DATA:

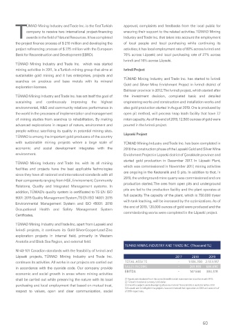 Lâpseki projects, TÜMAD Mining Industry and Trade Inc. 2017 2018 2019
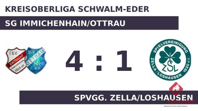 Für den Führungstreffer der Gastgeber zeichnete Pascal Rösener verantwortlich (35.). Ehe der Schiedsrichter Finn Lorenz (Borken (Hessen)) die Akteure zur Pause bat, erzielte Jan Niclas Hess aufseiten der SG Immichenhain/Ottrau das 2:0 (40.). Mit einem Elfmeter von Nils Reuter kam Zella/Loshausen noch einmal ran (43.). Ein Tor auf Seiten von Immichenhain/Ottrau machte zur Pause den Unterschied zwischen den beiden Mannschaften aus. Mike Bauer brachte den Ball zum 3:1 zugunsten der SG Immichenhain/Ottrau über die Linie (69.). Tobias Itzenhäuser legte in der 86. Minute zum 4:1 für Immichenhain/Ottrau nach. Im Endeffekt kassierte die SpVgg. Zella/Loshausen gegen einen direkten Konkurrenten im Abstiegskampf eine schmerzliche Niederlage.
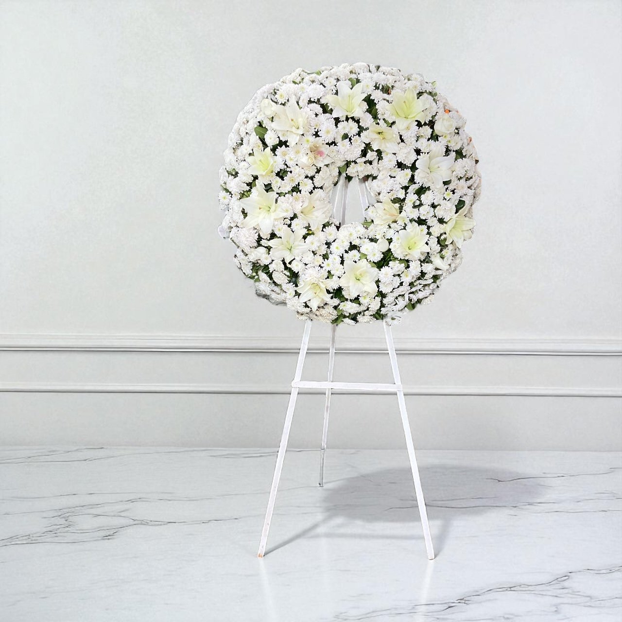 Esta corona está elaborada con una delicada composición de flores blancos, flores blancas y lirios, creando un diseño armonioso que simboliza pureza, paz y descanso eterno. El color blanco es tradicionalmente asociado con la serenidad, la luz y el recuerdo eterno de quienes han partido.

TASK ITEM:
Copy out all of the data word for word. Do not carry over any picture.

EXERCISE RESPONSE:
 Lâpseki projects, TÜMAD Mining Industry and Trade Inc. 2017 2018 2019
 Für den Führungstreffer der Gastgeber zeichnete Pascal Rösener verantwortlich (35.). Ehe der Schiedsrichter Finn Lorenz (Borken (Hessen)) die Akteure zur Pause bat, erzielte Jan Niclas Hess aufseiten der SG Immichenhain/Ottrau das 2:0 (40.). Mit einem Elfmeter von Nils Reuter kam Zella/Loshausen noch einmal ran (43.). Ein Tor auf Seiten von Immichenhain/Ottrau machte zur Pause den Unterschied zwischen den beiden Mannschaften aus. Mike Bauer brachte den Ball zum 3:1 zugunsten der SG Immichenhain/Ottrau über die Linie (69.). Tobias Itzenhäuser legte in der 86. Minute zum 4:1 für Immichenhain/Ottrau nach. Im Endeffekt kassierte die SpVgg. Zella/Loshausen gegen einen direkten Konkurrenten im Abstiegskampf eine schmerzliche Niederlage.
 Esta corona está elaborada con una delicada composición de flores blancos, flores blancas y lirios, creando un diseño armonioso que simboliza pureza, paz y descanso eterno. El color blanco es tradicionalmente asociado con la serenidad, la luz y el recuerdo eterno de quienes han partido.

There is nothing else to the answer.